El procedimiento abreviado acortó el camino judicial, pero no suavizó la gravedad del hecho. Valladares aceptó los cargos cuando ya conocía el alcance de las evidencias en su contra.

Esa confesión el hombre aceptó el crimen, lo que permitió dictar una sentencia de 15 años de reclusión, además de las penas accesorias correspondientes.

El caso no solo se resolvió por la muerte de la joven. La tipificación incluyó el delito de aborto, lo que añade otra dimensión al expediente y deja constancia de las circunstancias en que ocurrió el crimen.

acusado
En una cuartería del barrio Sunseri, en San Pedro Sula, fue asesinada Greicy Damaris Hernández Castellanos tras una disputa por una herencia. Foto: Ministerio Público.

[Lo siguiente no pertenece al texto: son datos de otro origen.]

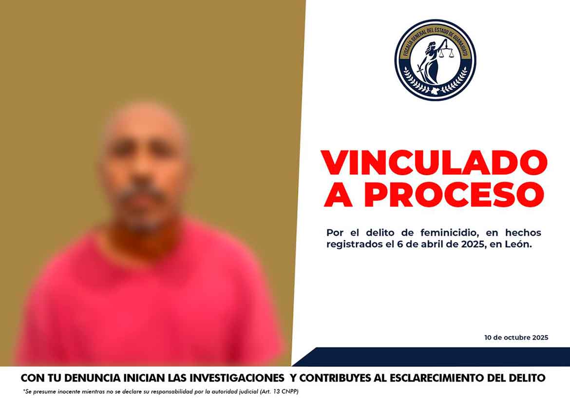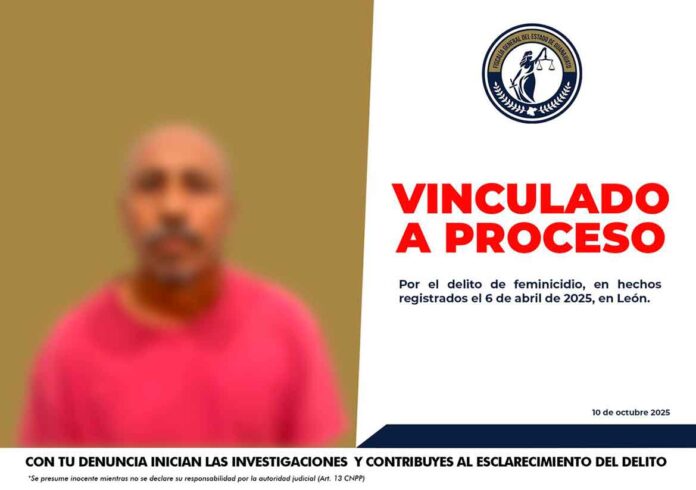 La Fiscalía General del Estado, a través del Ministerio Público, obtuvo la vinculación a proceso penal de JUAN MANUEL REMEDIOS “N”, señalado como probable responsable del delito de feminicidio, ocurrido el pasado 6 de abril de 2025, en la ciudad de León.

Un conflicto que escaló sin freno

Lo que comenzó como una disputa por una herencia se convirtió en un hecho irreversible. El inmueble en discusión se transformó en el escenario de una confrontación que dejó una vida truncada y otra marcada por la condena.

No hubo persecución ni fuga. Hubo una decisión: admitir el crimen frente a las pruebas.

Y con ello, se cerró un proceso que, aunque no llegó a juicio, deja una historia que pesa más allá de los años dictados en una sentencia. Se hizo justicia.